HAZWASTES: "Lasagna" Process Strives To Improve Soil Remediation

Jeff Lenard

If a consortium of companies have their way, the word "lasagna" may soon be used to refer to something other than a cheesy Italian dish.

Monsanto, Du Pont and General Electric, in collaboration with the Environmental Protection Agency and the Department of Energy (DOE), have combined their expertise and resources to develop the latest technology in soil remediation - the lasagna process.

Developed for large-scale applications, the three-month field test will determine if the process can effectively remove trichloroethylene (TCE) and other contaminants from soil at the DOE's gaseous diffusion plant in Paducah, Ky.

Called "lasagna" because of the layered appearance of electrodes and treatment zones, the process will be used to treat contaminated heterogeneous soil compositions which require in-situ soil remediation efforts.

The promise of the lasagna process lies in its accessibility in low-permeability soils, which are generally found at DOE sites on the eastern coast of the United States. Soil contaminants such as clay, silts and fine sands pose a significant technical challenge to in-situ remediation efforts. Because of poor accessibility to the contaminants and difficulty in delivering treatment reagents, existing in-situ treatments such as bioremediation, vapor extraction and pump and treat have proven ineffective in these applications.

The lasagna process, however, utilizes the synergistic combination of electro-osmosis with a layered treatment zone. Since the zones are deliberately located close to one another, it requires less time to move the liquid by electro-osmosis from one zone to the adjacent one.

The process has reportedly pro-ven effective in removing contaminants from very heterogeneous soil mixtures such as clay in sand. Moreover, occasionally reversing the electrical polarity of the process can minimize operational complications such as soil drying and steep pH gradients associated with conventional applications of electro-osmosis.

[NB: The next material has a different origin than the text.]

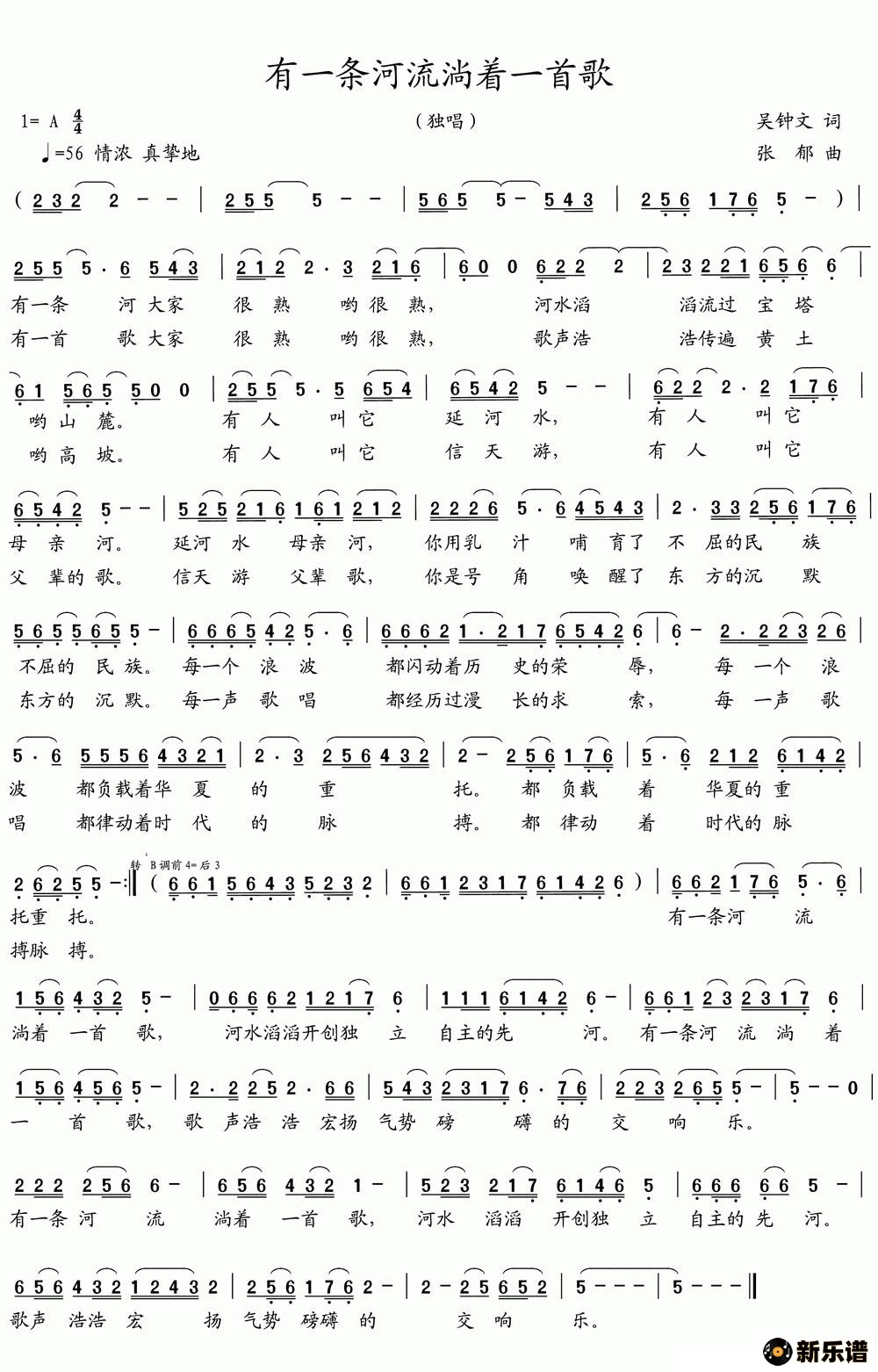 演唱的有一条河流淌着一首歌(吴钟文词 张郁曲)歌词,有一条河流淌着一首歌(吴钟文词 张郁曲)简谱.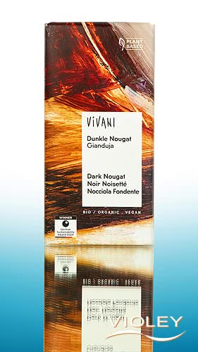 Vivani Dunkle Nougat Gianduja. Eine dunkle Verführung aus feinster Bitterschokolade und zartem Gianduja Nougat mit hohem Haselnussanteil. Durch den Verzicht auf Kuhmilch in der Rezeptur und der ausgeprägten Nougat-Note ist diese hochfeine Schöpfung auch für Veganer ein unbeschreiblicher Genuss.

Administrators of the field test hope to demonstrate that the process can remove TCE from the contaminated soil and trap it in adjacent carbon treatment zones, which is also useful for checking the TCE mass balance. Next year's field tests will involve the full configuration - removal of TCE plus in-situ degradation, either biologically or chemically.

Proponents of the technology claim that it will have minimal im-pact on the environment because the treatment takes place in subsurface soil under existing natural soil conditions, which reportedly won't generate secondary wastes.

The consortium expects the project to be cost-effective, with estimated costs at $50 per cubic yard of treated soil. However, commercialization of the technology is three to five years away - if all goes according to plan.